The next watch here is an old french verge watch made in about 1800 to 1820. The movement is highly engraved - but it seems this decoration

was made later. If you look closer to the engraved plate, you can see the remains of two signatures: the watchmaker and a city. But alas both

signature parts are unreadable. As typical for continental verge watches, the winding is made from the front side, through a keyhole in the dial.

English verge watches are wound through the back side. The watch has a strong beat and is keeping good time (for a verge watch).










The dial is lightly domed enamel with roman numerals, a key hole for winding, time-setting is done with a key on the square-end from the minute

hand (as usual for those old watches). There are light damages on the enamel as you can see.










The case is out of silver, the back lid can be detached (but is not really made for this - the movement can be swung out). There are some

makers mark in the back lid - probably from the case maker, read "I K". On the back is a pattern with a church and a river.

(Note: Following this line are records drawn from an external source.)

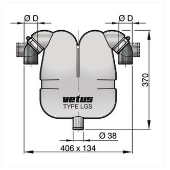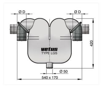 The VETUS gas/water separator for marine engines and generator sets has a double function, it separates the injected raw cooling water from the exhaust gases and also functions as a gooseneck, providing an excellent sound attenuation so it no longer produces disturbing gurgling exhaust noises.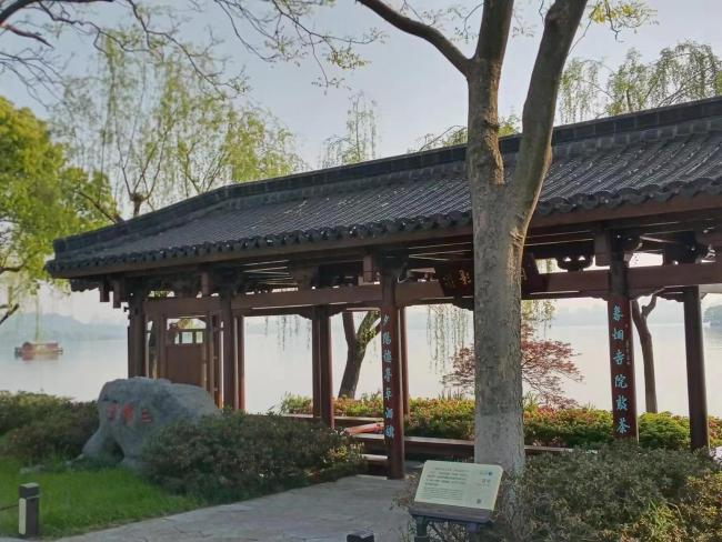 白居易曾做杭州刺史,对杭州西湖做出了显著的贡献。据苏轼《钱塘六井记》载:“唐宰相李公长源始作六井,引西湖水以足民用。其后刺史白公乐天治湖浚井,刻石源上,至于今赖之。”他不仅兴修水利,浚西湖,筑白公堤,改造了西湖的景观;而且作诗词展示杭州及西湖的美景。如:《钱塘湖春行》“孤山寺北贾亭西,水面初平云脚低。几处早莺争暖树,谁家新燕啄春泥。乱花渐欲迷人眼,浅草才能没马蹄。最爱湖东行不足,绿杨阴里白沙堤。”《忆江南词》:“江南好,风景旧曾谙;日出江花红胜火,春来江水绿如蓝。能不忆江南?江南忆,最忆是杭州;山寺月中寻桂子,郡亭枕上看潮头。何日更重游!江南忆,其次忆吴宫;吴酒一杯春竹叶,吴娃双舞醉芙蓉。早晚复相逢!”他对杭州江湖美景的推崇,使杭州名声超过苏州,从此奠定了江南第一大都会的声望。所以白居易去世后,人们在西湖边孤山广化寺造竹阁,专门立祠纪念。据淳祐《临安志》载,陈文帝天嘉二年(561年)建广化寺,尝植三柏。僧作堂于其侧,名柏堂,堂与白居易竹阁相连。白居易曾有诗:“晚坐松檐下,宵眠竹阁间。清虚当服药,幽独抵归山。巧未能胜拙,忙应不及闲。无劳别修道,即此是玄关。”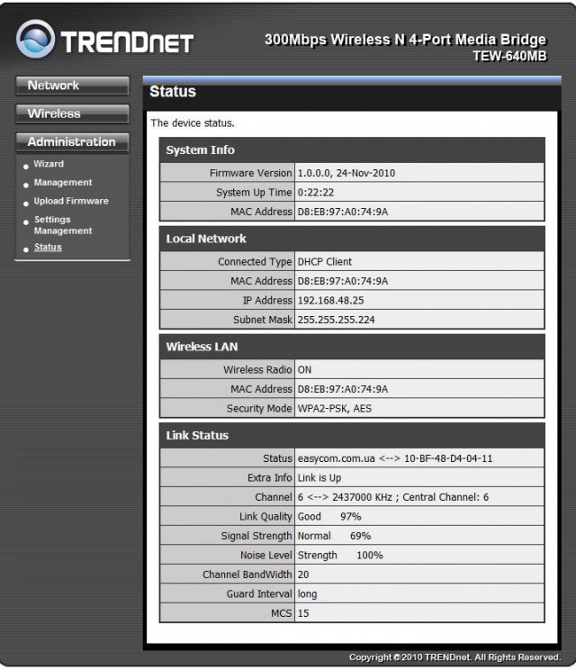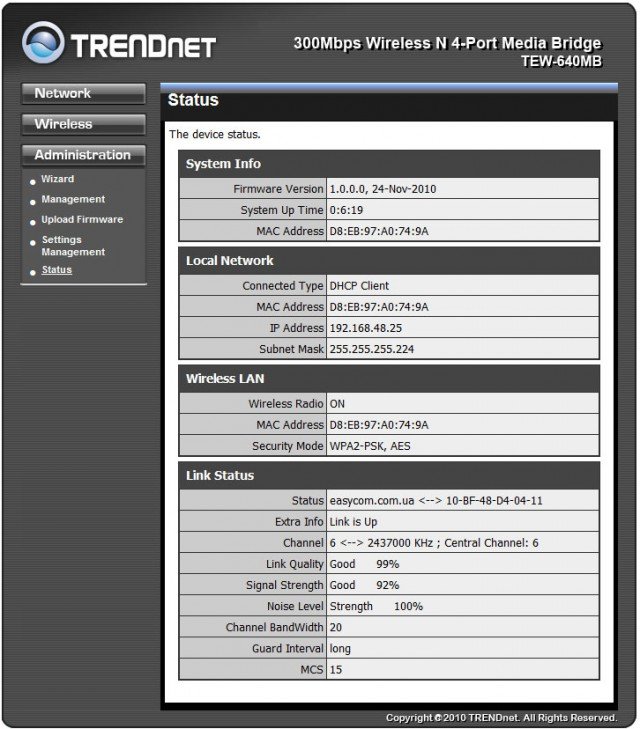 Уже описанное нами ранее окно статуса рабочих режимов модели TRENDnet TEW-640MB.
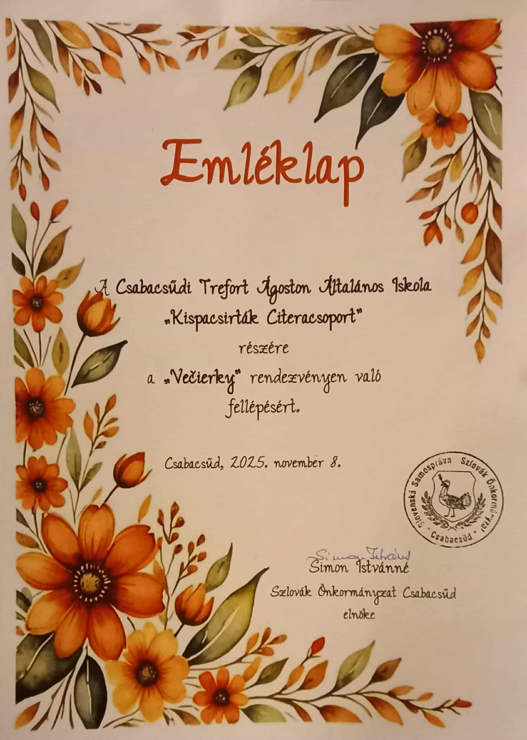 2025. november 08-án a “Kispacsirták” citerásai részt vettek a Szlovák Önkormányzat Csabacsűd és a Csabacsűdi Szlovák Kör Egyesület által szervezett kulturális programon. A fellépő citerások szlovák népdalokat adtak elő, amelyekkel a nyári citeratáborban ismerkedtek meg. Az énekesek ének-zene órán tanult magyar népdalokkal léptek föl. Az iskolai programot egy közös magyar dalcsokor citerázása zárt.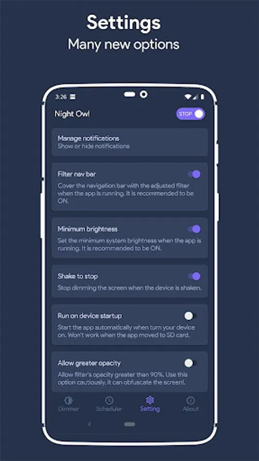 Beta feature: Night Owl uses Android's accessibility feature to display a tinted overlay over the screen (including notification and lock screen) to make it darker than usual and/or change its color. Night owl does not read your screen content and does not collect any data through the Accessibility service. You need to enable Night Owl Accessibility to use the app.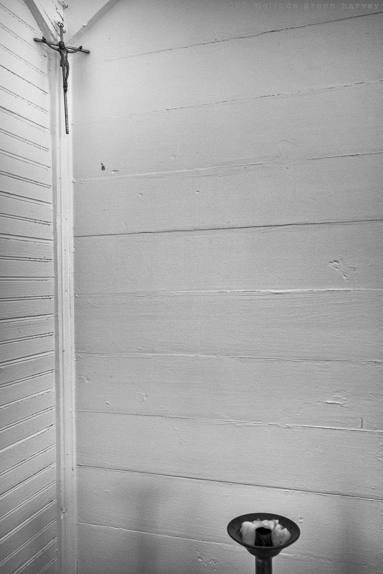 But anyway, I went inside to have a look around. One of the best sights was this thin crucifix, hanging high on the wall and offset by a waxy candleholder. Add in white wooden walls and some vague shadows, and it was obvious that I needed a photograph.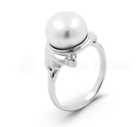 Кольцо из серебра с культивированным жемчугом и фианитами родированное 925 пробы К-3081рп100500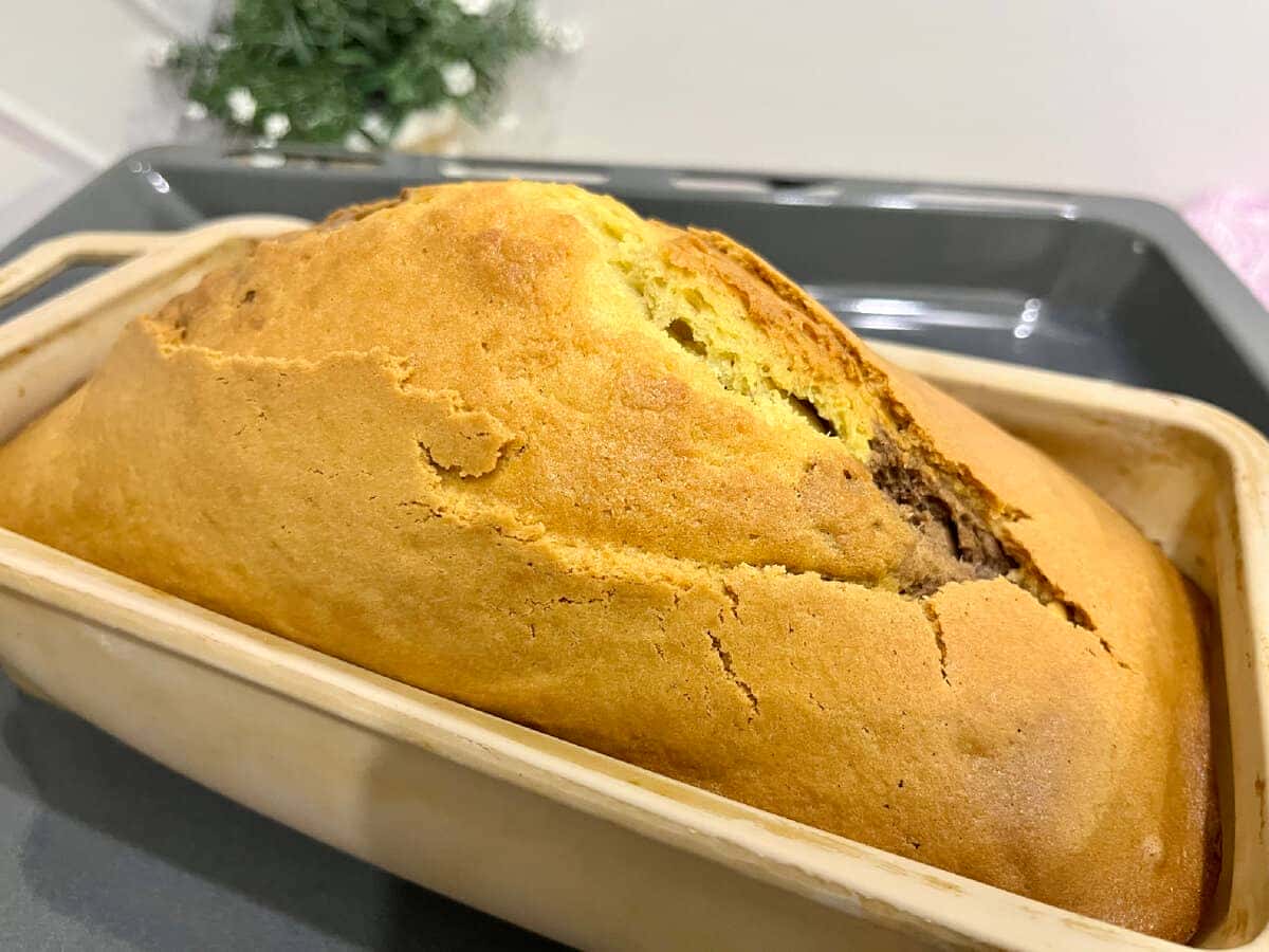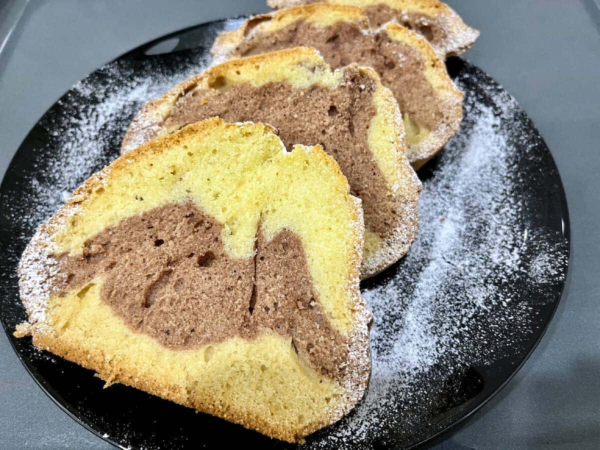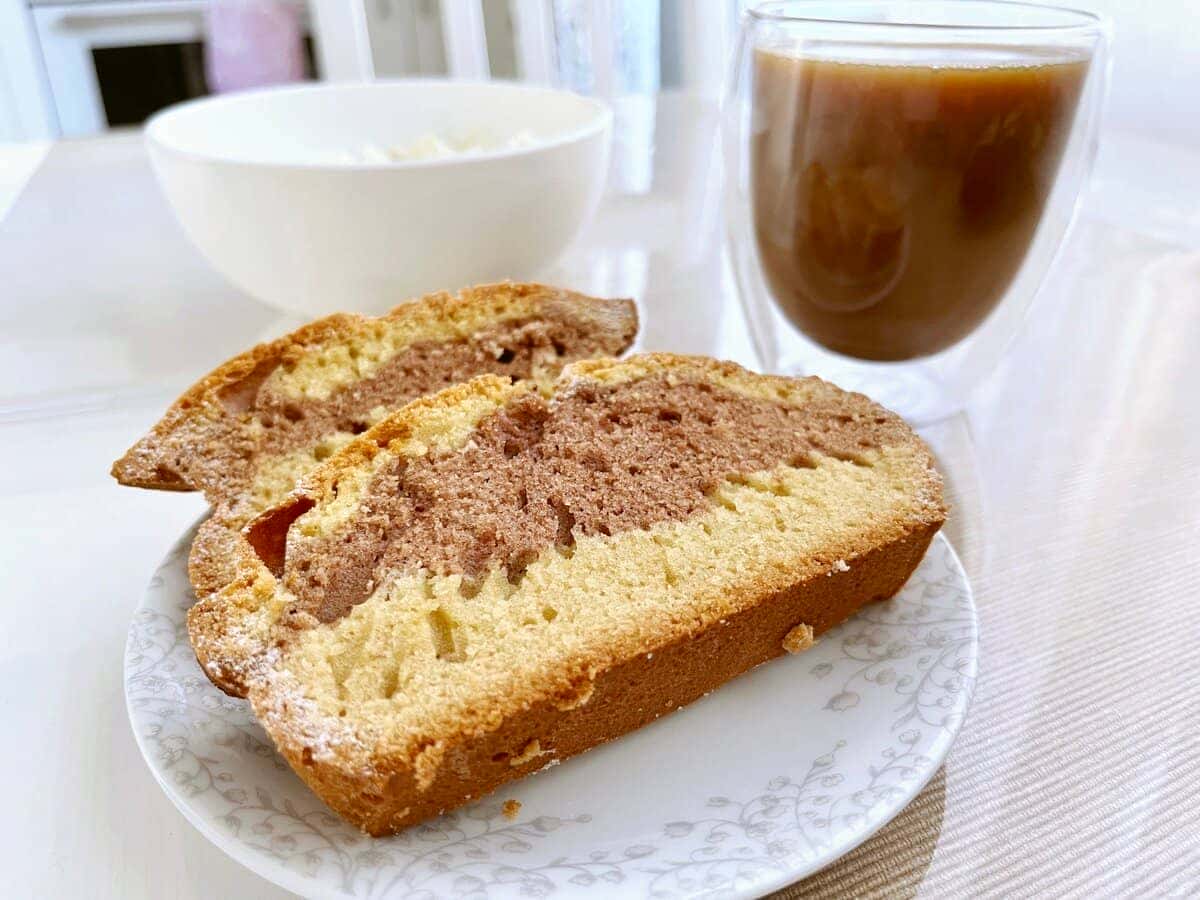 З мінімального набору продуктів виходить дивовижний за смаком кекс: в міру солодкий, м’який, з шоколадними нотками. Цікаво виглядає шматочок кексу на зрізі: темний “мармуровий” візерунок на світлому фоні.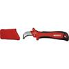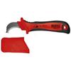 Nóż monterski NMZS 50 Nóż monterski ze stopką i izolowaną rękojeścią do pracy pod napięciem 1000V. - ergonomiczna dwukomponentowa rękojeść - nieosłonięte ostrze ze stali nierdzewnej zakończone stopką ułatwiające odizolowywanie przewodów - dodatkowe ostrze na przedniej części noża pozwalające na rozcinanie przewodów w dwie strony - kaptur ochronny na ostrze - długość ostrza: 50 mm - długość noża: 200 mm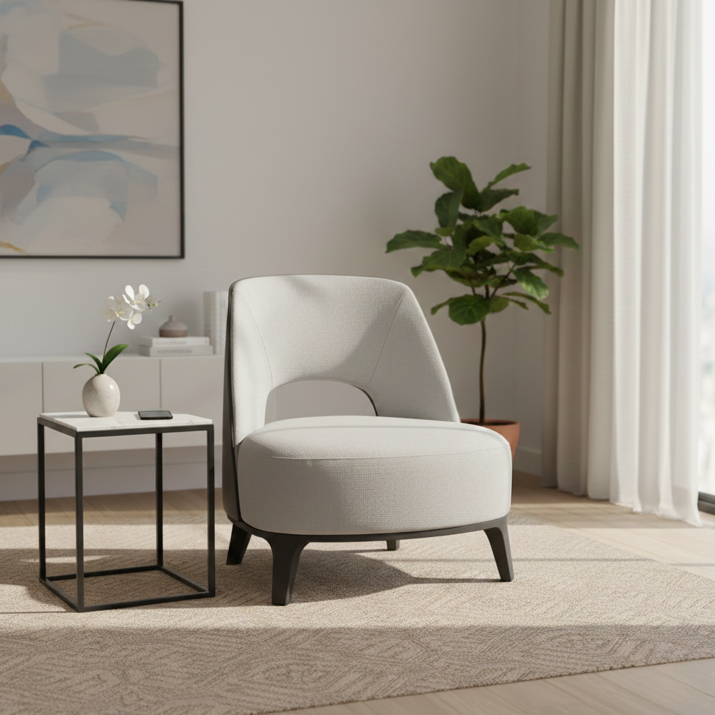 Melrose Lounge Chair Light Grey Fabric memiliki karakter visual yang mudah beradaptasi, menjadikannya pilihan ideal untuk berbagai jenis ruang dan konsep interior.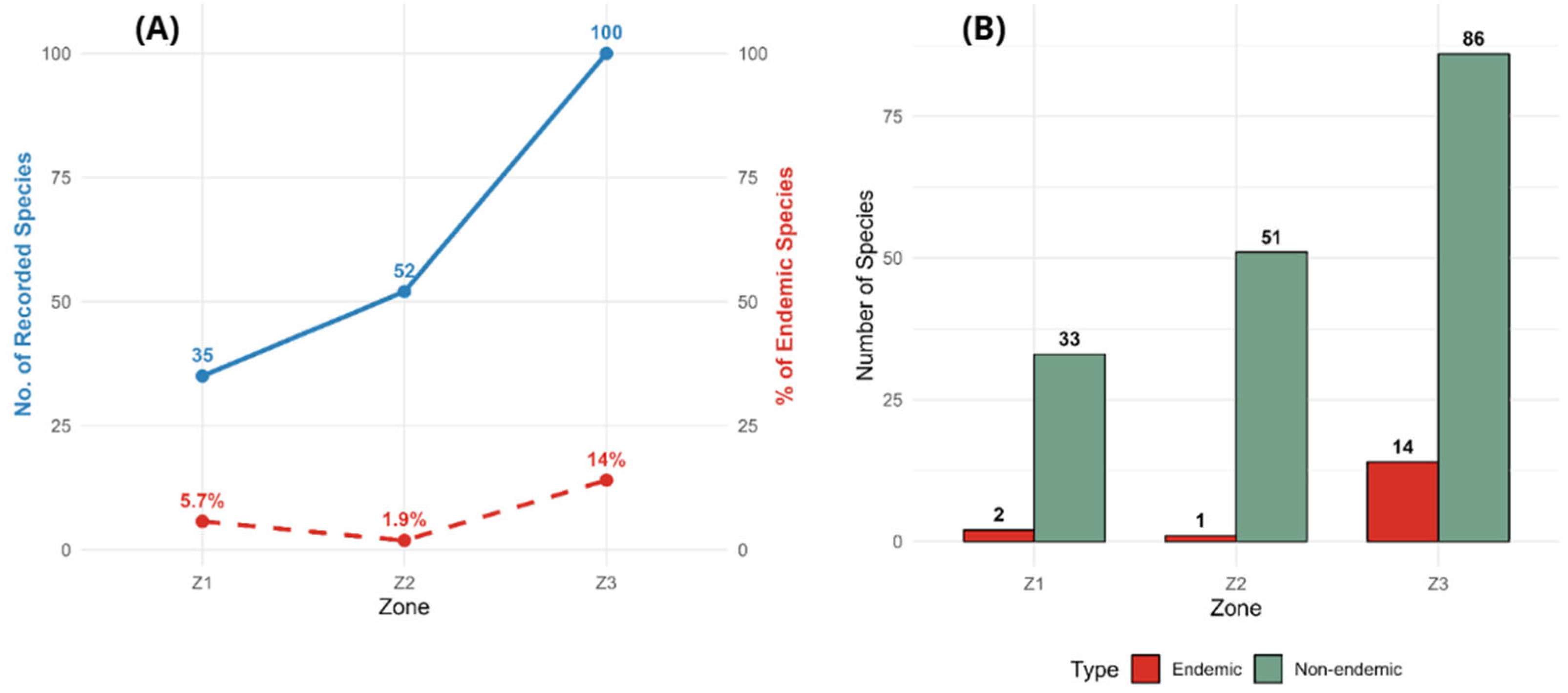 (A) Relationship between total species diversity and endemic species richness across study zones. (B) Comparison of the absolute number of endemic and non-endemic species in each zone.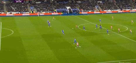 第27分鐘,達(dá)姆斯高傳球,姆貝烏莫內(nèi)切后兜射入死角,布倫特福德2-0。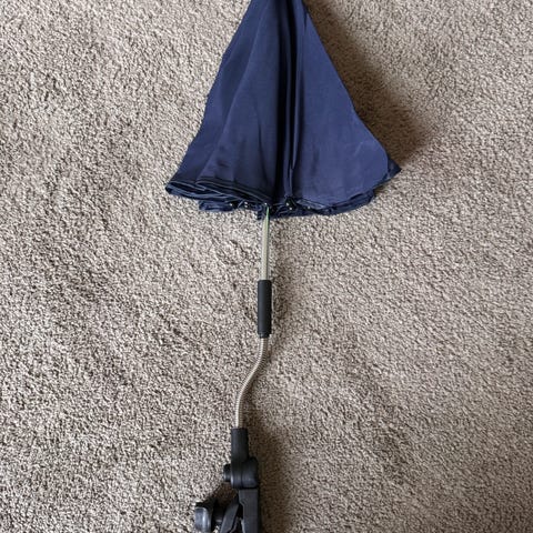 Paraply til barnevogn, brukt et par ganger bare. Festes enkelt på vognen

The movement is a real eye candy. Under these rich engravings is a typical full plated verge movement of plain quality, the _Coq_ (balance

wheel bridge) fixed with two screws is typical for continental watches (exceptions are swedish verge watches). On this image you can see

the maker mark in the back lid and how the movement is swung out of the case. That disc beside the Coq with another square end in the center

is for the regulation (it moves a little slider that catches the hairspring). The hairspring is of old style with only two turns - if you look on modern

hairsprings you'll see much more turns. Of course the winding mechanism has a fusee (and chain). As mentioned the winding is done from the

front side.










Just another view to the movement with eyes on the crown wheel - typical and a must-have for verge watches.

Regards,

Andreas


----------



## Shangas (Jan 27, 2008)

Andreas I'd like to know - What is the watch featured in your avatar? It looks really nice.


----------



## Mikrolisk (Jan 23, 2008)

That watch is an old swiss watch, sold in Austria (Graz)... later!

Andreas


----------